INPUT DATA:
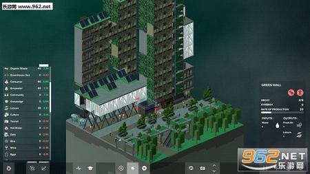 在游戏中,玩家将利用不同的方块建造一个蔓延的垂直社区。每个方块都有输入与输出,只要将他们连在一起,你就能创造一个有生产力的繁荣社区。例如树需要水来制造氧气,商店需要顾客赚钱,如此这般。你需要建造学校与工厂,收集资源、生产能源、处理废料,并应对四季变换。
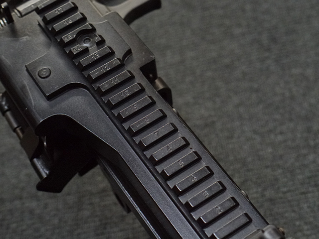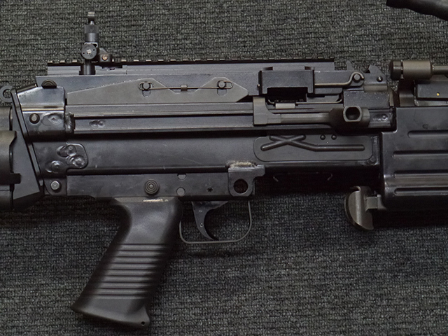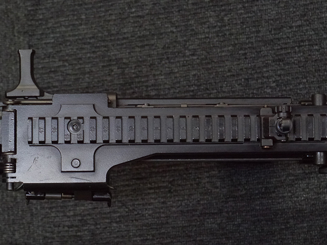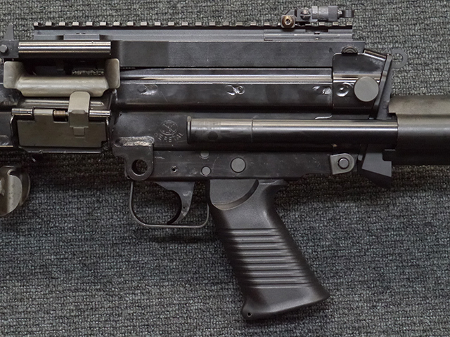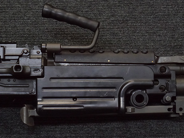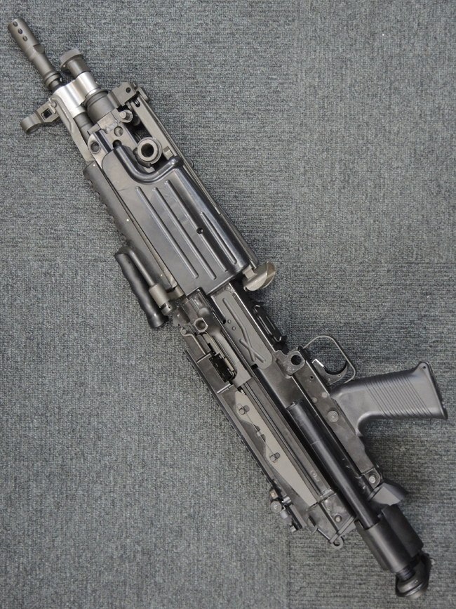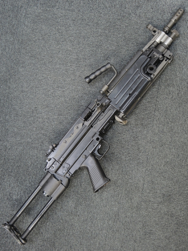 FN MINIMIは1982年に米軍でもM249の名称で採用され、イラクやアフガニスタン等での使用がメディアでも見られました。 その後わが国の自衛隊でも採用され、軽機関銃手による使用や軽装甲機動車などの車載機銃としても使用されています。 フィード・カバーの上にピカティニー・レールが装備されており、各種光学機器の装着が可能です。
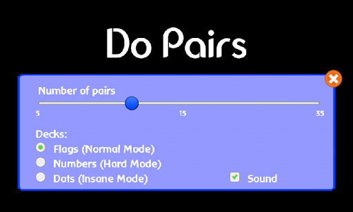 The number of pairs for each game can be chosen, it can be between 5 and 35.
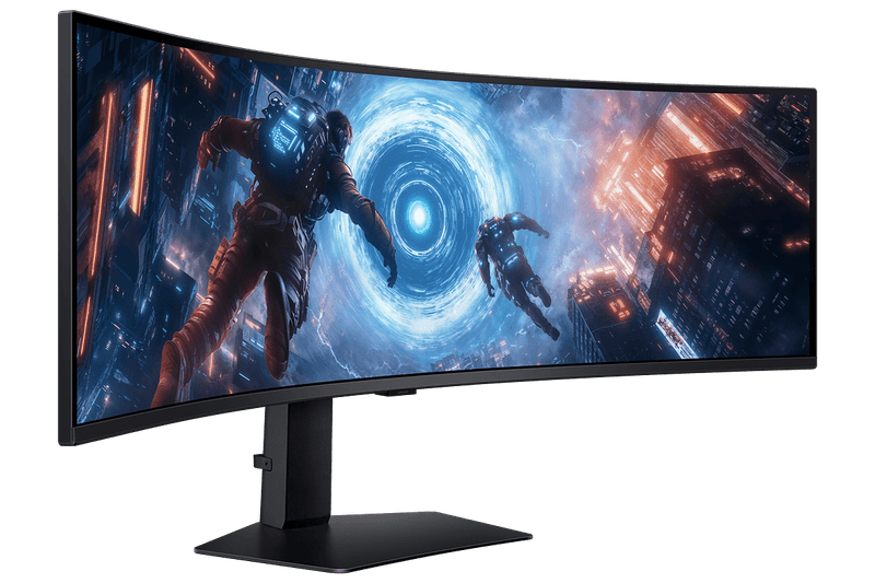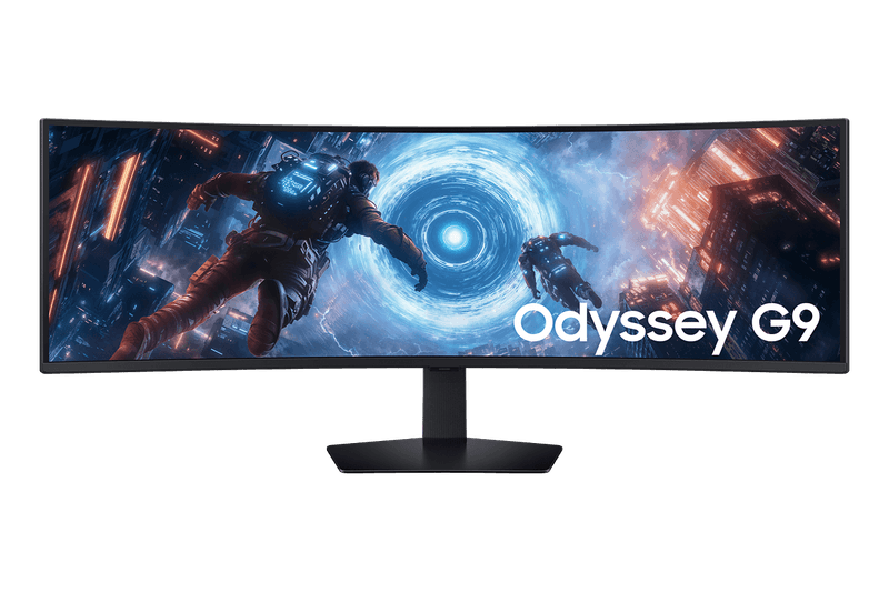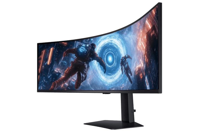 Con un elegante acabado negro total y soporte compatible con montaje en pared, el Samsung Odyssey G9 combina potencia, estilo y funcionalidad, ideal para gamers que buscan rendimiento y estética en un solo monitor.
--
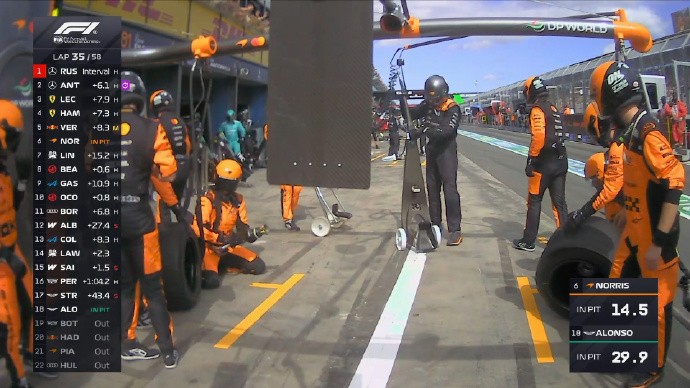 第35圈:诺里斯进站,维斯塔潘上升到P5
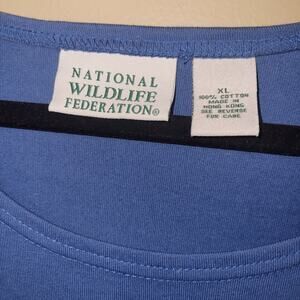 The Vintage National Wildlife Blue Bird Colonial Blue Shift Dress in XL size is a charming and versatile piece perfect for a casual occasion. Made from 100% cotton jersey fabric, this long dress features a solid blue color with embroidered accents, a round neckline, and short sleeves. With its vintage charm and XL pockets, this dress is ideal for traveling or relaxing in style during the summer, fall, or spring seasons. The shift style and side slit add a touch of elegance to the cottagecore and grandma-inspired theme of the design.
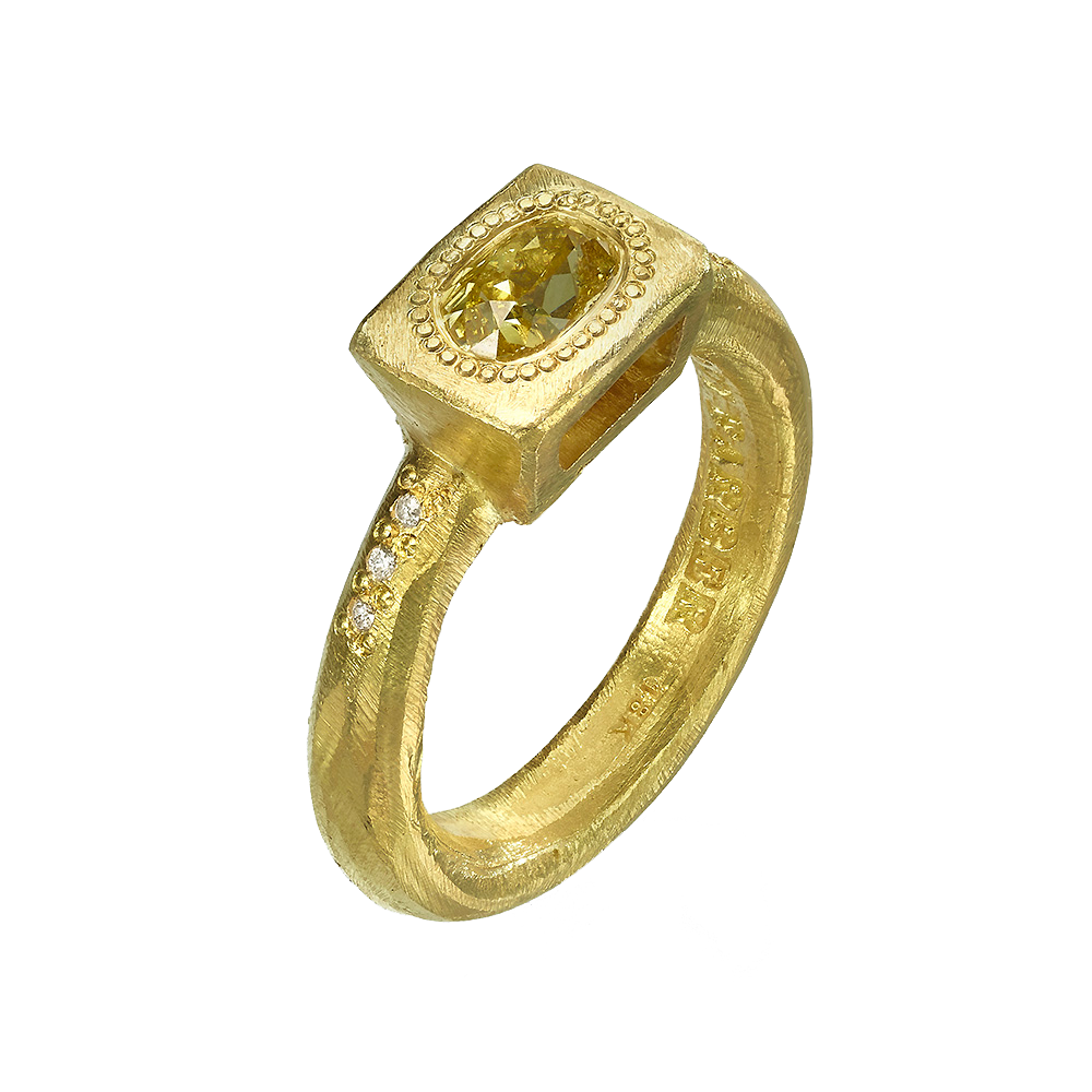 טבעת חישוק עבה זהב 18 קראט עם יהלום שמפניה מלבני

PROBLEM STATEMENT: Within the listing above, print exactly the stretch beginning at the line that contains "The Vintage National" and finishing at the line that contains "טבעת חישוק עבה", ends kept, pictures left out, and nothing more.

EXPECTED ANSWER:
 The Vintage National Wildlife Blue Bird Colonial Blue Shift Dress in XL size is a charming and versatile piece perfect for a casual occasion. Made from 100% cotton jersey fabric, this long dress features a solid blue color with embroidered accents, a round neckline, and short sleeves. With its vintage charm and XL pockets, this dress is ideal for traveling or relaxing in style during the summer, fall, or spring seasons. The shift style and side slit add a touch of elegance to the cottagecore and grandma-inspired theme of the design.
 טבעת חישוק עבה זהב 18 קראט עם יהלום שמפניה מלבני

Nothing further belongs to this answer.